[Top][All Lists]
[Date Prev][Date Next][Thread Prev][Thread Next][Date Index][Thread Index]
Re: Subject header matching--once again
From: |
Mark D. Baushke |
Subject: |
Re: Subject header matching--once again |
Date: |
Sun, 02 Mar 2003 12:46:47 -0800 |
Andrew J. Gray <address@hidden> writes:
> > In the meantime the existing Subject match code should be fixed to reflect
> > the agreement reached a year back, see my first mail in this thread:
> > http://mail.gnu.org/pipermail/help-gnats/2002-November/003185.html
> >
> > A patch follows that includes an update to the documentation. The
> > feature is mentioned a couple of times in passing in 'Keeping
> > Track'. I think it deserves a (sub)section of its own and have
> > inserted one called 'Following up via direct email' in the 'Editing
> > existing Problem Reports' section of 'The GNATS User Tools' chapter.
> > I have also corrected a couple of minor errors that I ran across.
>
> Thanks for that patch, I am sorry it has taken me so long to get to
> it.
>
> > The regular expression used for matching the Subject line appears in
> > the code as
> >
> > \\<(PR[ \t#/]?|([-A-Za-z0-9_+.]+)/)([0-9]+)
> >
> > whereas the documentation has
> >
> > \<(PR[ \t#/]?|[-\w+.]+/)[0-9]+
> >
> > I couldn't get the GNU match-word-constituent operator (\w) to work inside
> > the bracket expression and am uncertain as to whether it is allowed there.
> > Perl has it.
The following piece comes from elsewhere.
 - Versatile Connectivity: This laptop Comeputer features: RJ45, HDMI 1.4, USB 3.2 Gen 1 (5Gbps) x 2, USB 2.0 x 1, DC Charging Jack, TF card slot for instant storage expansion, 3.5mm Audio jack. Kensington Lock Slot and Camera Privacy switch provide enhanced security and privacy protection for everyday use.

The parentheses which are in the code, but missing from the
> > manual, do not affect the matching; they are there only to capture Category
> > and Number.
>
> As I understand it the match-word-constituent operator (\w) is not
> meant to work inside matching lists. I am looking at the "info"
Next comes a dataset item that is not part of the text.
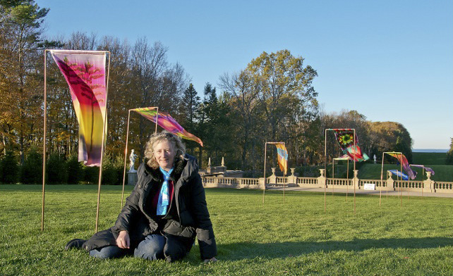 Silk Painting: Climate Change showing sea level rise, engulfing iconic Arthur Fiedler, Boston Pops Conductor, Boston, MA.

> documentation included with the regex 0.12 (available from
> http://ftp.gnu.org/pub/gnu/regex/regex-0.12.tar.gz). In the "List
> Operators" node it says most characters lose any special meaning
> inside a list.
>
> I think the closest equivalent that works in a list is the alnum
> character class. Using this the regular expression would become:
>
> \\<(PR[ \t#/]?|([-[:alnum:]_+.]+)/)([0-9]+)
>
> Do you think this is a satisfactory replacement for \w?
\w is the same as [:alnum:]_ and does not really have "-" in the list,
but doesn't have or "." or "+" in it. That said, using
([-:[:alnum:]_+.]+) in the above would seem to match a category name
properly.
> > I haven't aligned the regular expression syntax with the rest of
> > GNATS as suggested by Milan. This is a non-issue as long as the
> > regular expression is hard-coded and not exposed for users to
> > modify. The regex searching is also case sensitive now.
>
> OK.
>
> > The patch is in production use in the GNATS installation that I am
> > responsible for. I hope it can make it into GNATS 4.0-beta2?
>
> Sorry that the patch missed the beta 2. Once we have decided whether
> or not to use the alnum character class I will commit the patch.
>
> --
> Andrew J. Gray
Enjoy!
-- Mark